Accidents at work usually fall under the Occupational Safety and Health Administration.
While Nevada is part of OSHA Region 9, jurisdiction for the convention center accident falls under Nevada OSHA, which is part of the Nevada Department of Business & Industry, said Mike Petersen, a spokesman for the Department of Labor.
“Nevada is a state plan state, so most investigations into workplace deaths are investigated by the Nevada Department of Business & Industry Industrial Relations,” Petersen said. “In states with a state plan, federal OSHA would not be included in an investigation unless the incident involved federal employees or federal entities.”
State plans refer to occupational safety programs conducted by OSHA-approved states.
Why didn’t the Reno police investigate the crime scene?
The Reno Police Department was not on hand to investigate the crime scene, the agency confirmed Wednesday.
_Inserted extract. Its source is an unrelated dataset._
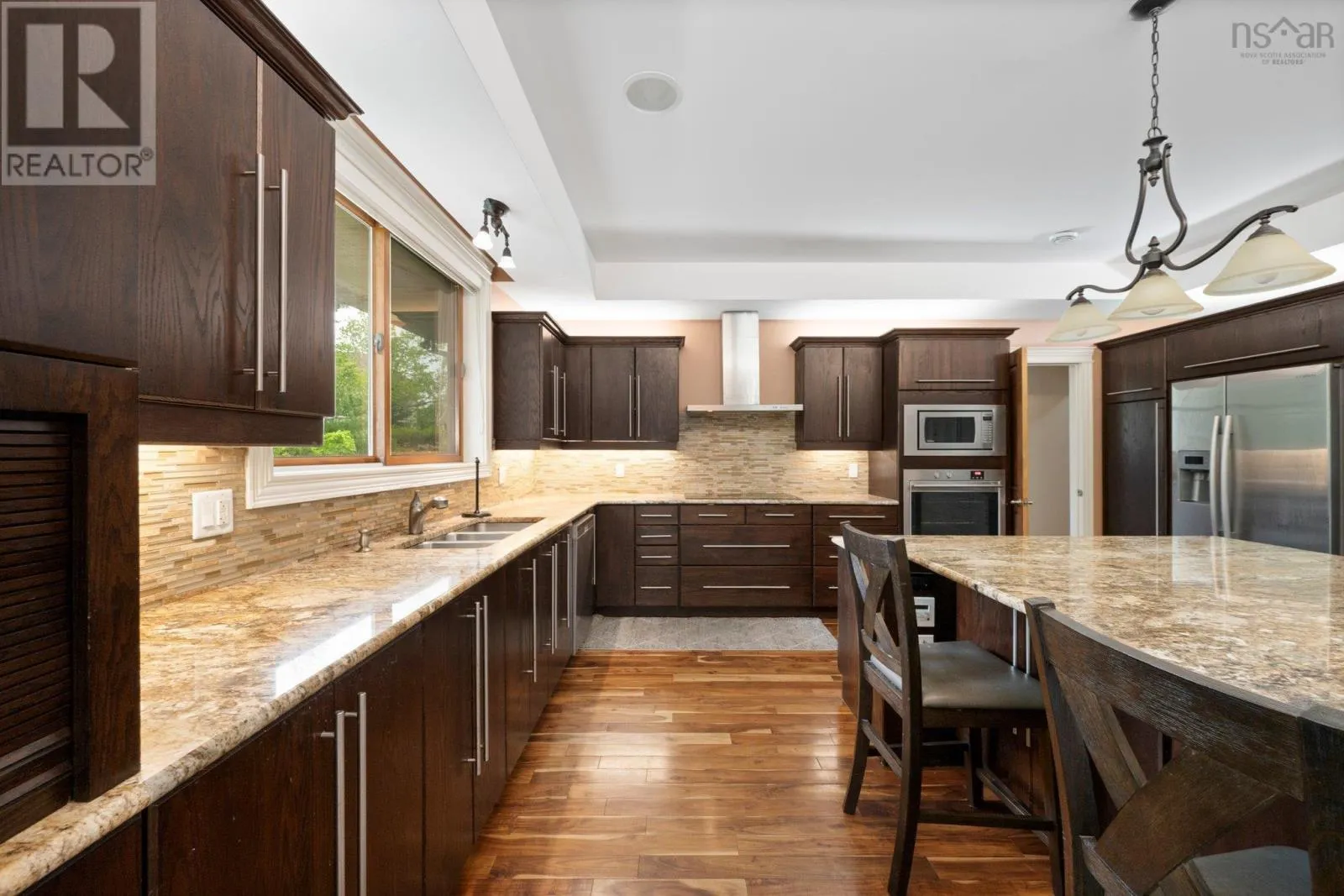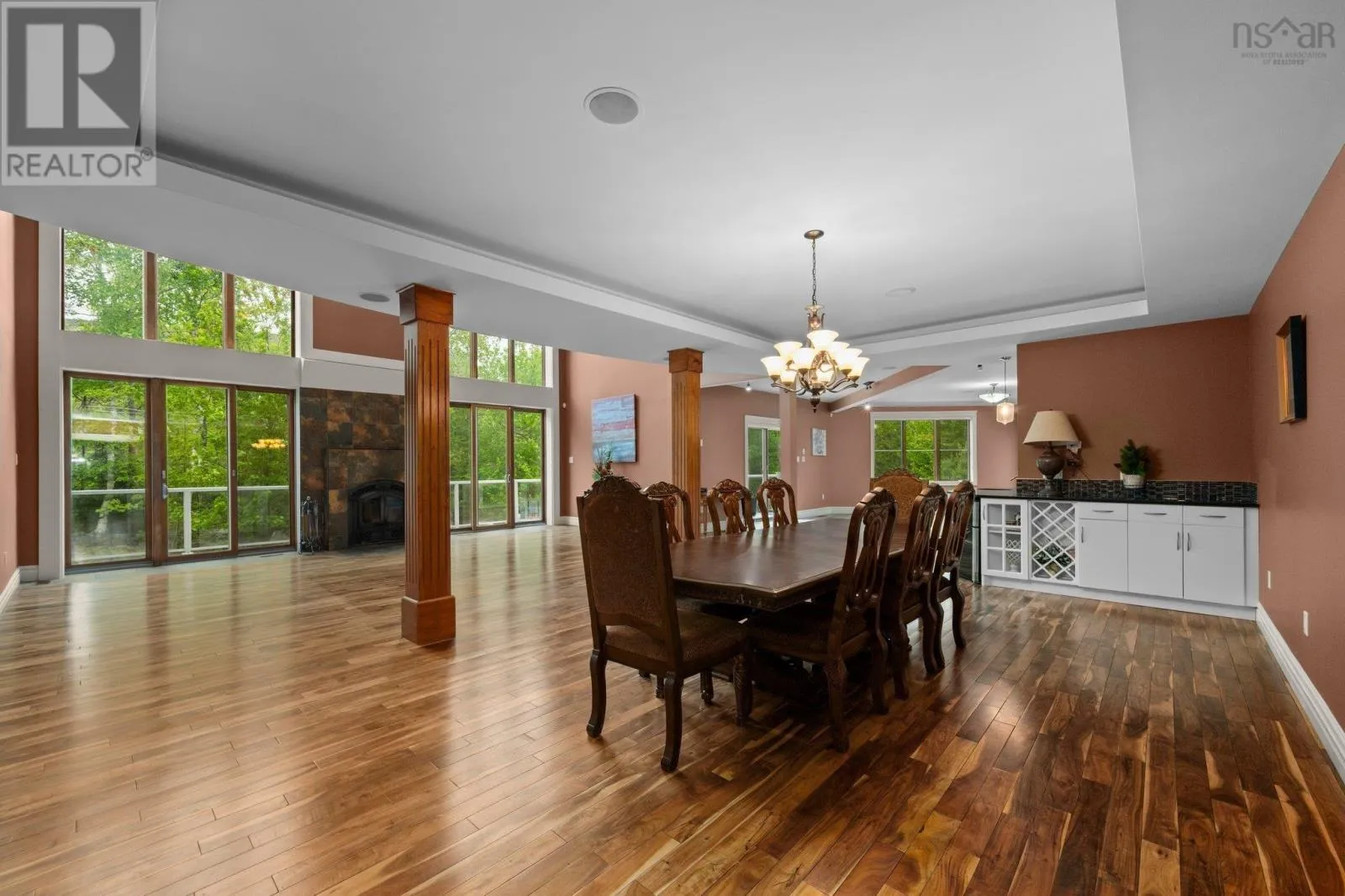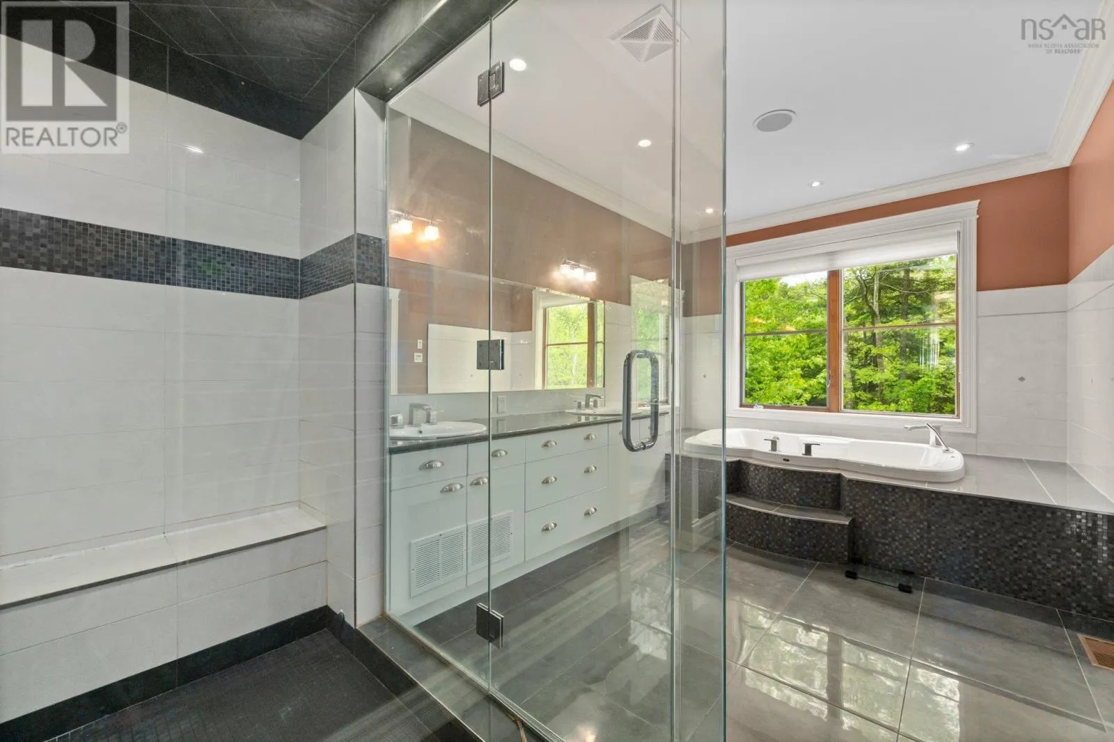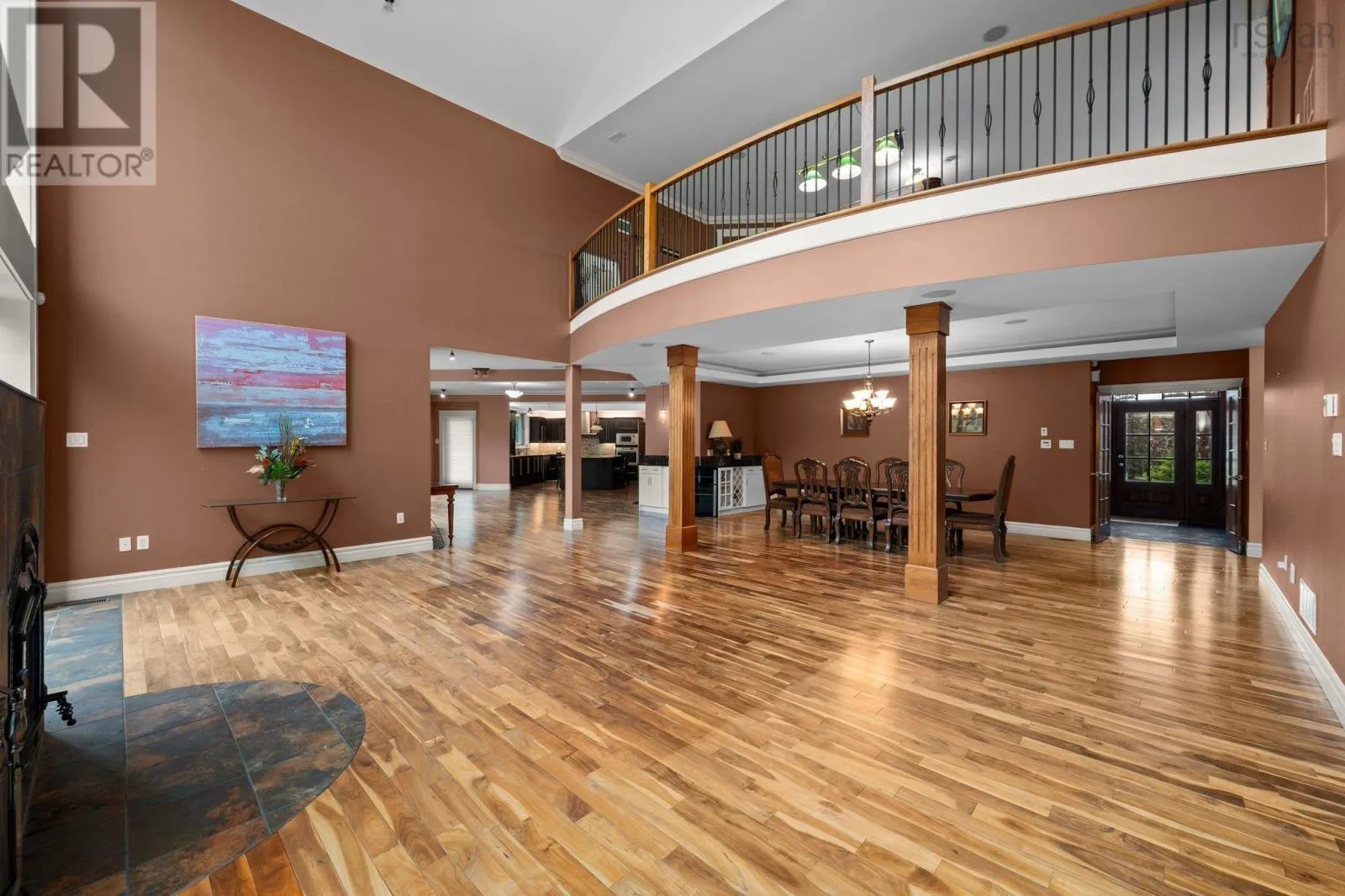 Southgate Drive to Ravines Drive. Ravines Drive to Vanier Way. Right onto Worthington Place. property is at the end of the cul-de-sac Welcome to this exceptional executive home, ideally situated on a quiet cul-de-sac in the prestigious Ravines of Bedford South. Crafted with impeccable attention to detail. this residence offers the perfect setting for refined living and grand entertaining. Step inside to discover a striking open-concept main level, featuring a sophisticated living room with a classic wood-burning fireplace, a formal dining area, and a chef-inspired kitchen that is truly the heart of the home. Designed for both beauty and functionality, the kitchen boasts a massive center island, granite countertops, abundant custom cabinetry, and a separate prep kitchen for added convenience. Also on the main floor, you'll find a luxurious primary suite with a spacious dressing room and a spa-like ensuite with a Jacuzzi tub, as well as a beautifully appointed guest bedroom- also with its own private ensuite. A dedicated office space completes this level. Upstairs, you'll find three additional well-sized bedrooms, including another grand primary suite with a lavish 5-piece ensuite, a shared full bathroom, a bright hallway with space ideal for a pool table, lounge area, or reading nook. This level also offers versatile space for a family room, studio, gym, or recreation room- whatever best suits your lifestyle. The expansive lower level is a dream unto itself, featuring a second full kitchen, a spacious dining and living area, a media room, and space for a gym. it includes three additional bedrooms, each wth its own ensuite bathroom, offering privacy and comfort for guests or extended family. With 4 separate walkouts to the beautifully landscaped backyard, the lower level offers Geo-Thermal heating, 4 ductless heat pumps, a 23-zone strereo/audio & intercom system. Another feature is the fully integrated, internet-controlled home automation system. (id:27476)

While the accident was fatal, the actual death likely occurred after the employee was transported out of the Reno-Sparks Convention Center rather than at the scene of the accident, so there was no police response, according to a department spokesman.
What’s next in the Reno-Sparks Convention Center investigation?
Nevada’s OSHA must first determine whether there have been any safety violations that led to the accident at the Reno-Sparks Convention Center. If no violations are found, the case will be closed.
If a health or safety hazard is identified during the inspection, OSHA requires that the employer immediately mitigate that hazard to prevent future injury or illness, Williams said.
“If a violation is found, investigators have 6 months to issue a warrant and subpoena,” Williams said.
“The amount of the penalty would be determined by the type and number of violations found, with automatic adjustments being made based on factors such as severity, size of the company, OSHA history of the employer, etc.”